Entries taken from a collection:
<<<<
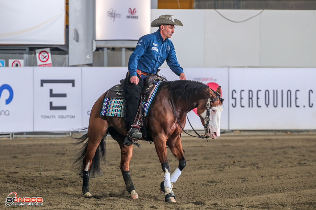 Pietro Paolo Ambrosini and his mare BH Topsail Whimpys (NRHA $13 Million Sire Topsail Whiz x Star Wimpis Del Maso), owned by Ambrosini QH and bred by Bosin Hubert, finished second.
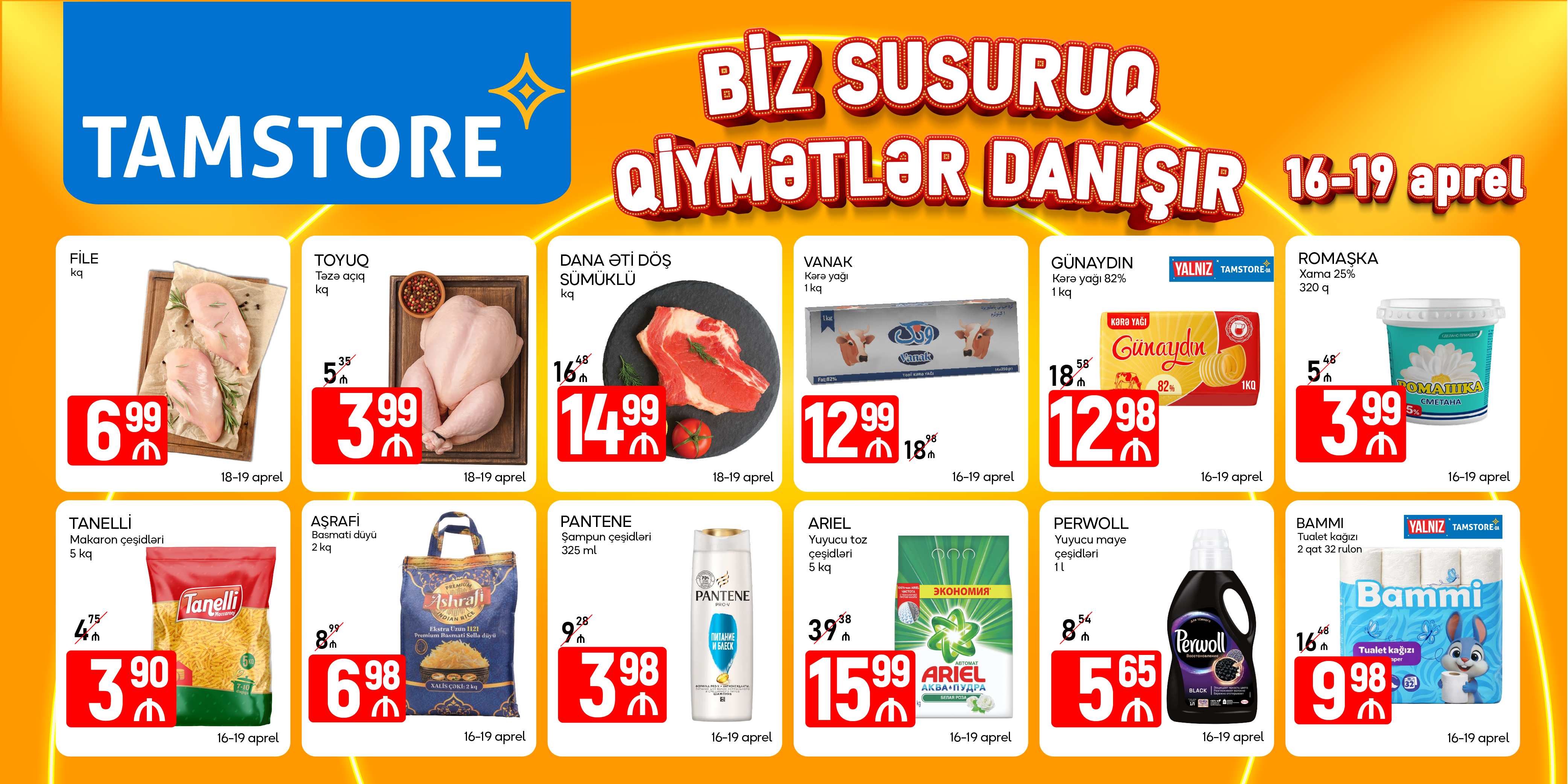 Kampaniya zamanı Vanak və Günaydın kərə yağları 12.99 manata, Romaşka xama 25 % 320 qramlıq 3.99 manata, 5 kilolouq Tanelli makaronu 3.90 manata, Əşrəfi basmati düyü kisə 2 kq 6.98 manata, Bammi tualet kağızı 32 rulon 9.99 manata, Pervol yuyucu maye 1 l 5.65 manata, Ariel yuyucu toz 5 kq 15.99 manata təklif olunacaq. Bundan başqa 18-19 aprel tarixlərində təzə toyuğun 1 kilosu 3.99 manat və sümüklü dana döş ətinin 1 kilosu 14.99 manat olacaq.
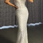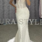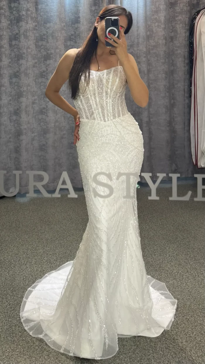 Розкішна весільна сукня силуету «рибка», створена для сучасної та стильної нареченої. Модель виконана з делікатного мерехтливого полотна, повністю розшита вручну бісером і паєтками. Напівпрозорий корсет красиво підкреслює талію, а тонкі бретельки додають ніжності образу. Легкий шлейф елегантно тягнеться позаду, створюючи відчуття гармонії та витонченості. Ідеальний вибір для дорогої, впевненої у собі нареченої, яка цінує бездоганний стиль і вишукану простоту.
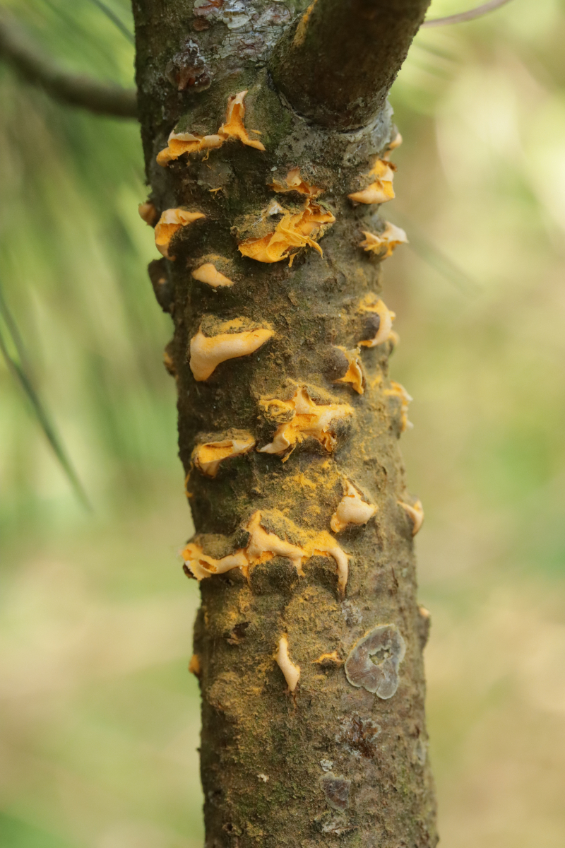 10. Dann das unerwartete Highlight der Tour. Auf einer kleinen Wacholderheide wurde ich direkt am ersten Strauch fündig: Gymnosporangium cornutum ex Juniperus communis. Den suche ich ja schon seit drei Jahren in der Westruper Heide vergeblich auf Juniperus, obwohl ich ihn da jeden Sommer auf Sorbus aucuparia nachweisen kann. Auffällig ist, daß der Pilz an sehr dünnen Ästchen saß, dort keine Verdickungen produzierte und relativ flache, orange-braune Lager produzierte.
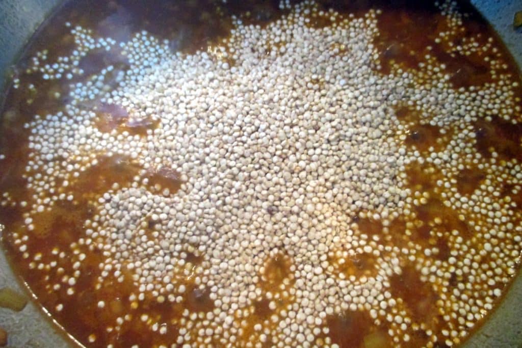 Rühre gut um, füge ein wenig Salz hinzu und lasse es bei niedriger Hitze abgedeckt weitere 15-20 Minuten köcheln, bis die Linsen und die Quinoa gar sind. Falls nötig, füge mehr Wasser hinzu.
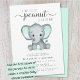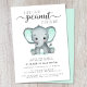 Elephant Mint Green Watercolor Baby Shower Invitation
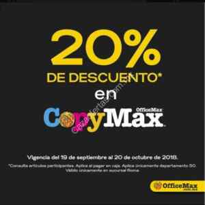 Office Max tiene promoción del 20% de descuento en Copy Max en su sucursal de La Roma por inauguración. Esta promoción estará vigente del 19 de septiembre al 20 de octubre del 2018. El descuento te lo harán válido al pagar en caja. Pregunta en la sucursal qué productos o servicios participan.
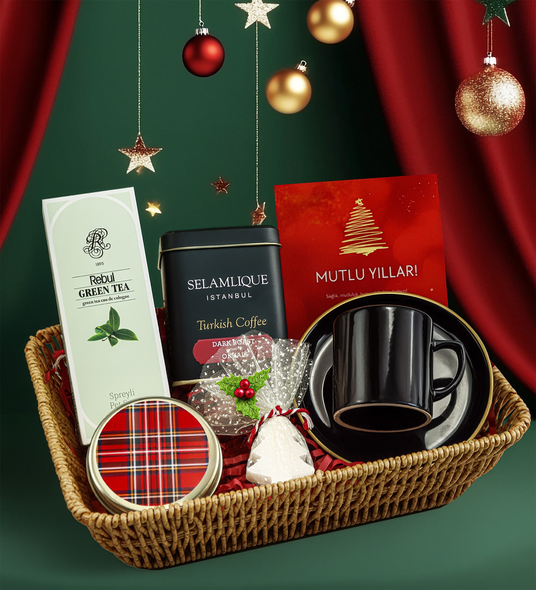 Özel Sepetinde Selamlıque & Rebul Kolonya & Gold Detay Fincan & Mum & Mini Sabun Hediye Seti
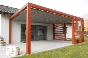Zastínění Latin na dřevěné pergole, realizace Bohemiaflex CS
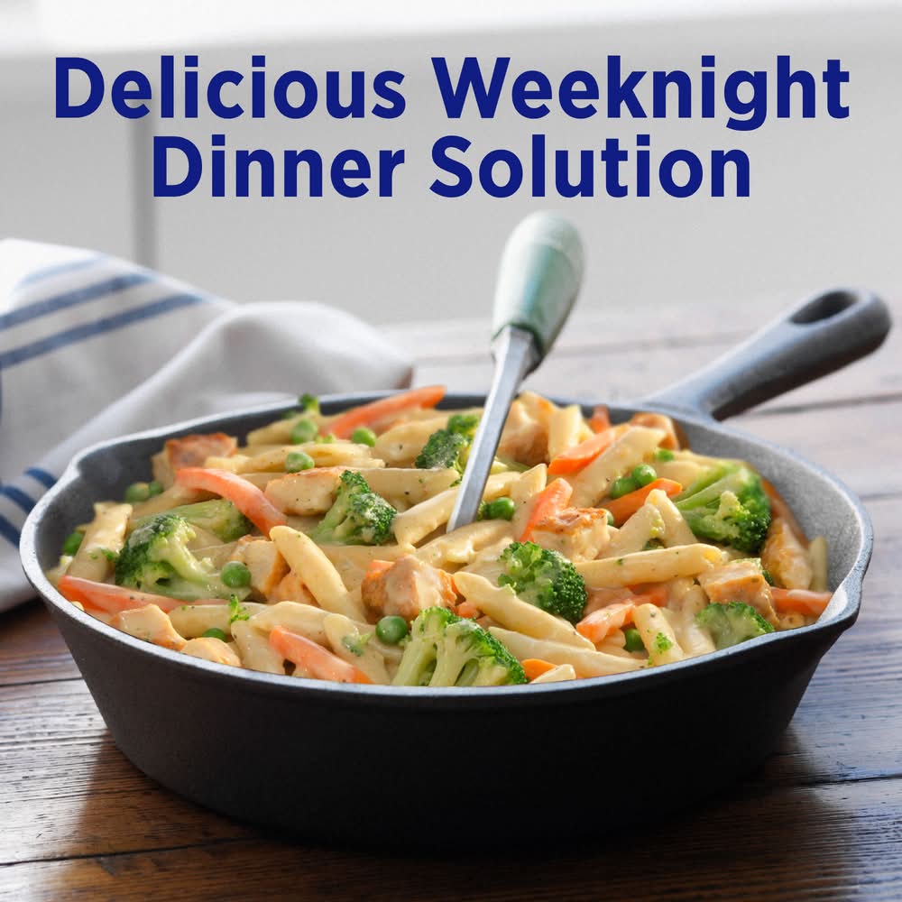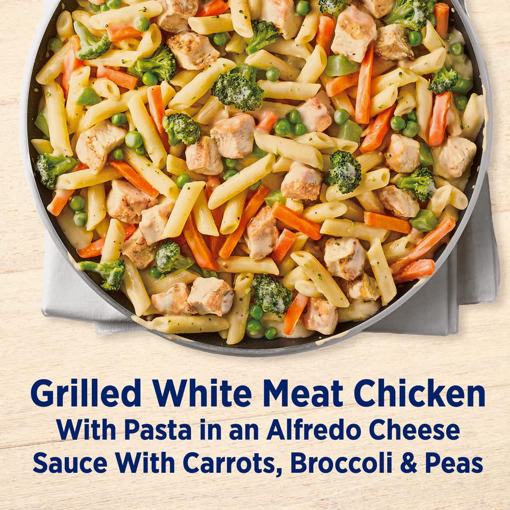 Serve up a delicious meal in minutes with Birds Eye Voila! Alfredo Chicken. With premium Birds Eye vegetables, quality meat and chef-inspired sauces in every bag, Birds Eye Voila! offers complete frozen meals for quick weeknight dinners the whole family will love. This delicious chicken pasta frozen dinner combines white meat chicken, pasta, broccoli, carrots, and peas in a creamy Alfredo sauce for a flavorful meal you can make any night of the week. This Birds Eye pasta dinner with mixed vegetables is made with no artificial flavors and no preservatives for a quick and convenient family dinner solution without compromise. Easily prepare frozen family meals in about 16 minutes on the stove-top or in the microwave. For stove-top preparation, pour sauce pouch and contents of the bag into a skillet with water, stir and simmer until heated through according to package instructions. For even faster preparation, microwave the chicken Alfredo pasta frozen meal according to the package instructions. Store this 42 ounce bag in the freezer to maintain freshness until you are ready to prepare frozen family dinners. It’s good to eat vegetables, so Birds Eye makes vegetables good to eat.
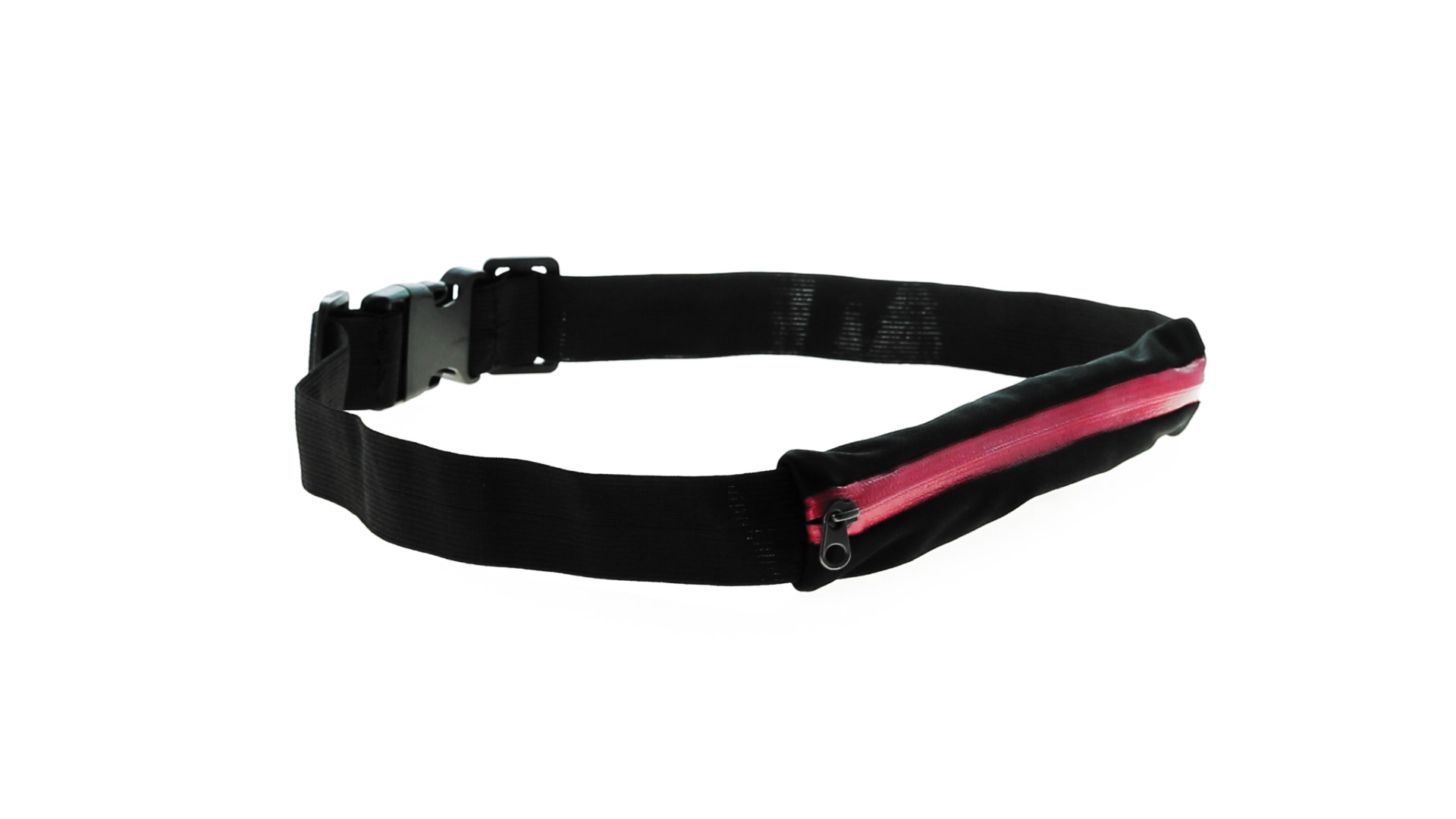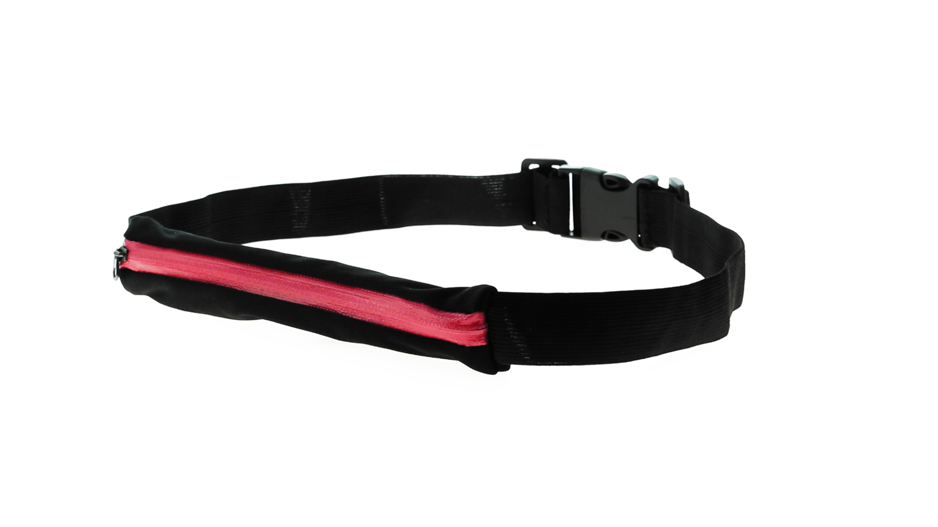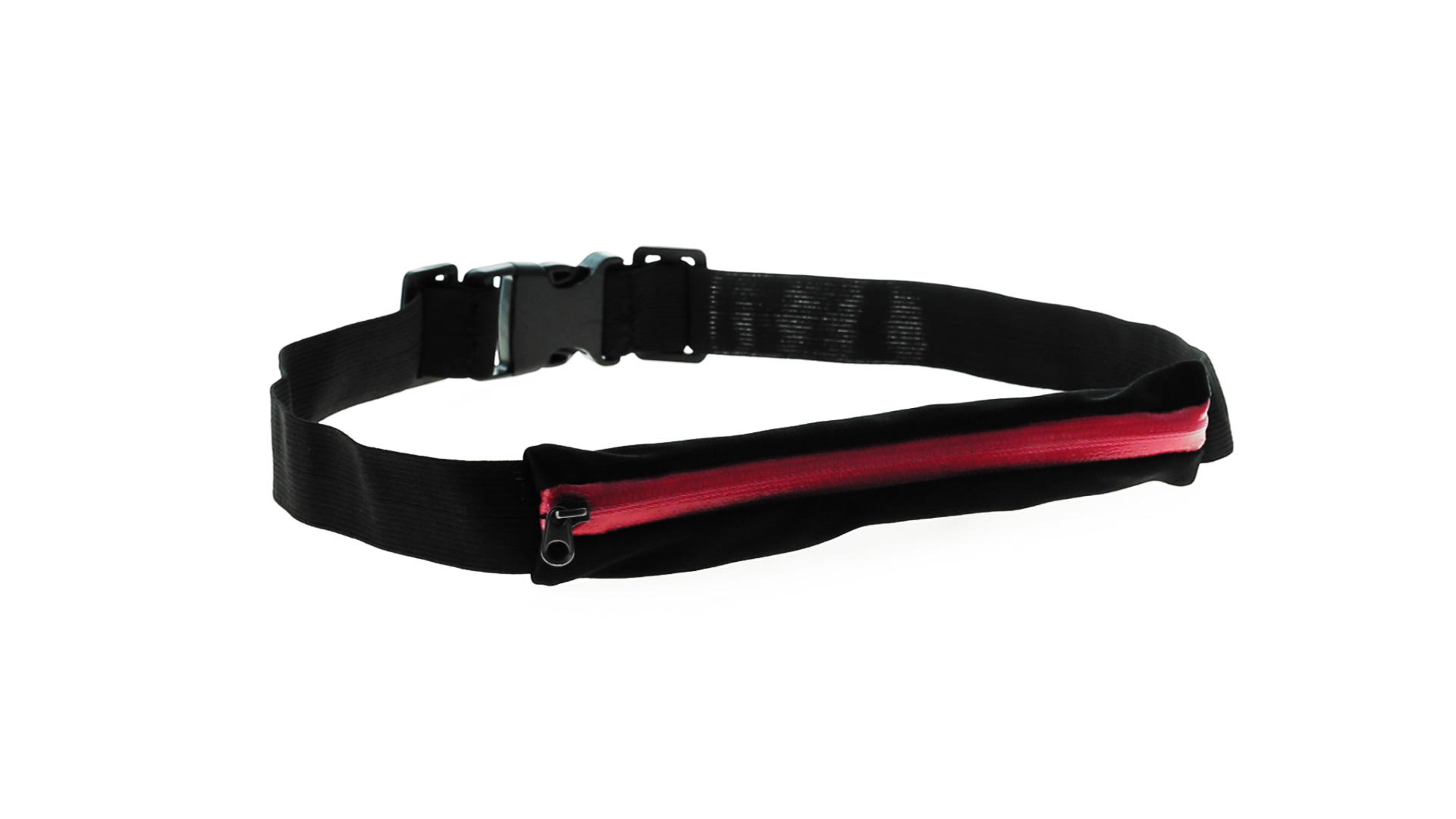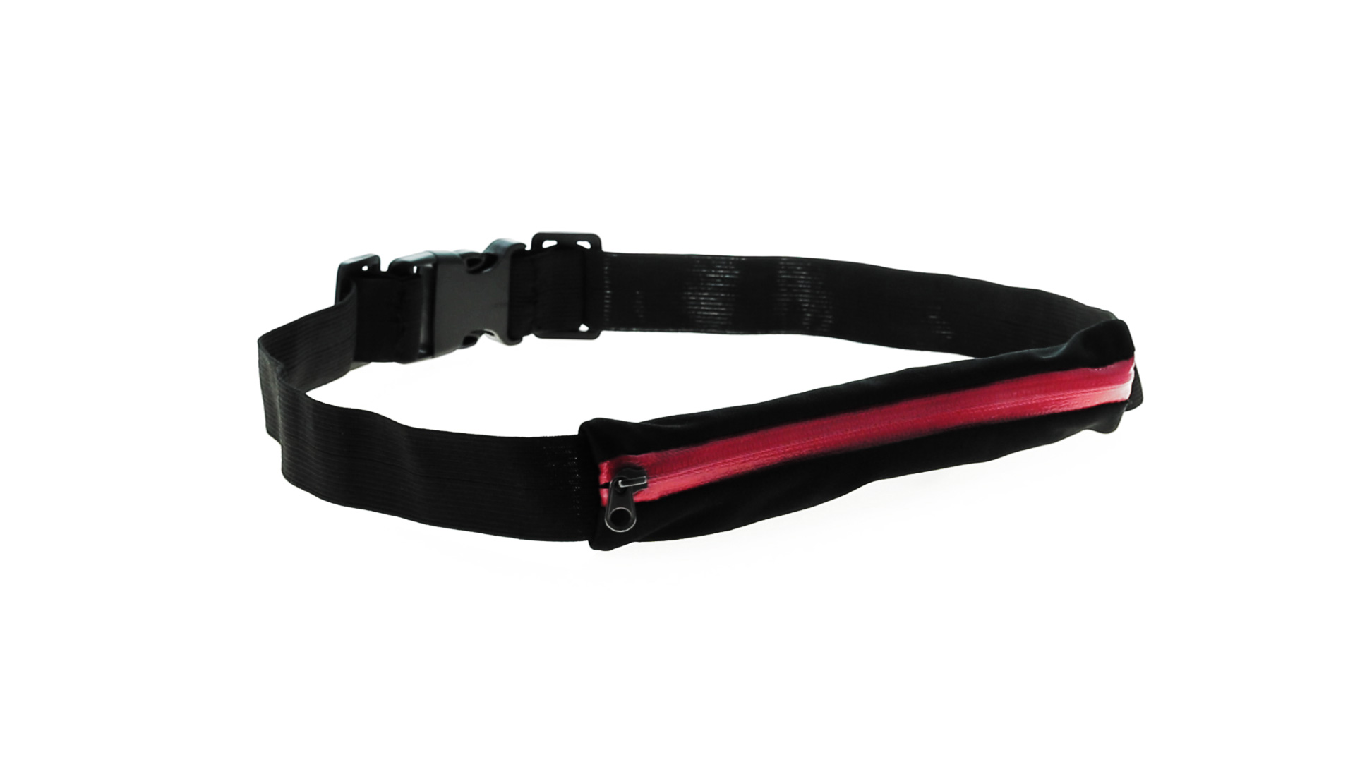 Hochwertige Bauchtasche aus spritzwasserresistentem Spandex-Material mit Reissverschluss in verschiedenen kräftigen Farben. Entwickelt für Sport- und Freizeitaktivitäten. Mit Kopfhörerausgang auf der Rückseite und elastischem, verstellbarem Gurt mit Klickverschluss.
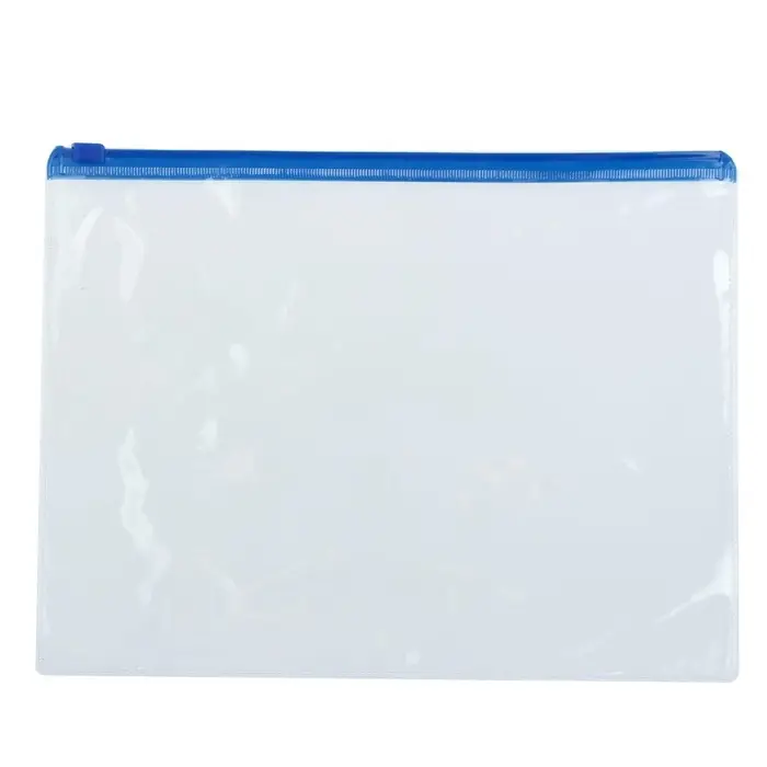 Папка-конверт на ZIP-молнии A4, 150 мкм, Calligrata, прозрачная, синяя молния
>>>>
**What you should do**
Please repeat, exactly as written, the lines in the records above, starting with the one that has "Office Max tiene" and going on through the one that has "Zastínění Latin na". Pictures are to be left out.

**Response**
 Office Max tiene promoción del 20% de descuento en Copy Max en su sucursal de La Roma por inauguración. Esta promoción estará vigente del 19 de septiembre al 20 de octubre del 2018. El descuento te lo harán válido al pagar en caja. Pregunta en la sucursal qué productos o servicios participan.
 Özel Sepetinde Selamlıque & Rebul Kolonya & Gold Detay Fincan & Mum & Mini Sabun Hediye Seti
Zastínění Latin na dřevěné pergole, realizace Bohemiaflex CS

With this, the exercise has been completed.